Я все еще медлил на пороге. Оглянувшись через плечо, я убедился, что безухий все так же стоит, прислонившись к городской стене, и смотрит в нашу сторону. Я тронул Ковердейла за локоть.

— Кто этот человек? — спросил я, кивком указав на него.

Ковердейл взглянул, поморгал и покачал головой.

— Да никто, — резковато ответил он и придержал дверь, пропуская меня.

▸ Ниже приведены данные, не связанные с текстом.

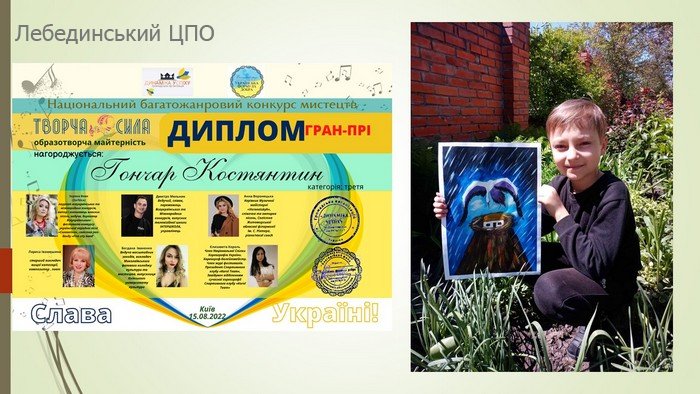 Вітаємо Гончара Костянтина, вихованця гуртка «Образотворче мистецтво та ДПМ», з Гран-прі в Національному багатожанровому конкурсі мистецтв «ТВОРЧА СИЛА».

Готовясь к выступлению, я старался выкинуть из головы этот разговор. Глубочайшую тишину прерывали, как обычно, лишь редкое поскрипывание половиц да шуршание мантий. Я откашлялся и, подавшись вперед, заговорил:

— Я, Джордано Бруно Ноланский, доктор высшего богословия, профессор чистейшей и невиннейшей мудрости, известный лучшим академиям Европы, аттестованный и почитаемый философ, неизвестный лишь варварам и простолюдинам, пробуждающий дремлющий дух, укрощающий предрассудки и закоренелое невежество, проповедующий своими словами и делами любовь ко всему человечеству, не оказывающий предпочтения ни британцу, ни итальянцу, ни мужскому, ни женскому полу, ни епископу, ни королю, ни мантии, ни доспехам, ни мирянину, ни монаху. Предпочтение я отдаю лишь тем, чья беседа окажется наиболее мирной и кроткой, наиболее разумной и просвещенной, кто не творит себе кумиров и не поклоняется мертвым догмам посредством помазания головы, омовения рук, начертания знаков на лбу или обрезания детородного члена, но кто почитает лишь дух и свободный ум, тем, кого ненавидят апологеты глупости и лицемерия, но любят разумные, — я, Джордано Бруно Ноланский, таков, каков я есть, приветствую выдающегося и прославленного вице-канцлера великого Оксфордского университета!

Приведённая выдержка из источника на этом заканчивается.